▶ [Exercise instructions]: Below are some records. Return exactly the lines from the one containing "コオロギコース、キリギリスコース、バッタコースの3コース27ホールがあります。" through the one containing "廖家镇木玩村AAA级林盘景区", both included, and only those.
*** Exercise materials Section Begins ***
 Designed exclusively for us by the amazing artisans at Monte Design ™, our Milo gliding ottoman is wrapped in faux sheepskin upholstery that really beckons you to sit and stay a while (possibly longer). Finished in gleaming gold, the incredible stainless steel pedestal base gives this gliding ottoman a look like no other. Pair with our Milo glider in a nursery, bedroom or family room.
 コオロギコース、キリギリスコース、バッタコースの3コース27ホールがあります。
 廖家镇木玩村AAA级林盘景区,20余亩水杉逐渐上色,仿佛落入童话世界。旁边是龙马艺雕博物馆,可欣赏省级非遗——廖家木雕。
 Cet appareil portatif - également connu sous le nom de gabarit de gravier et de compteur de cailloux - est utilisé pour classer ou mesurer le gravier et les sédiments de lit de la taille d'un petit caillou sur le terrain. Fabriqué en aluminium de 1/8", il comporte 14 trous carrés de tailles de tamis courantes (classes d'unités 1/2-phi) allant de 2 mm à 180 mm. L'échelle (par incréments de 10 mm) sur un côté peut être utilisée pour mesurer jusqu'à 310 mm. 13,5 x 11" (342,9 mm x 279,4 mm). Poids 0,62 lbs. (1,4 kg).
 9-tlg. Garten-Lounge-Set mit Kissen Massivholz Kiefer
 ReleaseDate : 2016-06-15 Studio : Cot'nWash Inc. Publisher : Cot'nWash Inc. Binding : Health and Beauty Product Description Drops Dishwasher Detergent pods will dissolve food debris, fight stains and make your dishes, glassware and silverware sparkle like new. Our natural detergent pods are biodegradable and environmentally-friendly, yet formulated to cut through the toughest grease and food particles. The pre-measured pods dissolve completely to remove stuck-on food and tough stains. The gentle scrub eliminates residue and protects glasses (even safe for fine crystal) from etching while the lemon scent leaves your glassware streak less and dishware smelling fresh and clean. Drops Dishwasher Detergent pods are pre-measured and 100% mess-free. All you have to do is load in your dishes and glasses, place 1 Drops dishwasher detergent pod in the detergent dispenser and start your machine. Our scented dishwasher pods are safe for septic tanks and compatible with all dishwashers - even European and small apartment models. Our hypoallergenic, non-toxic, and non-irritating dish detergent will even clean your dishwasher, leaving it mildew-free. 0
*** Exercise materials Section Ends ***
▶ [Task result]:
 コオロギコース、キリギリスコース、バッタコースの3コース27ホールがあります。
 廖家镇木玩村AAA级林盘景区,20余亩水杉逐渐上色,仿佛落入童话世界。旁边是龙马艺雕博物馆,可欣赏省级非遗——廖家木雕。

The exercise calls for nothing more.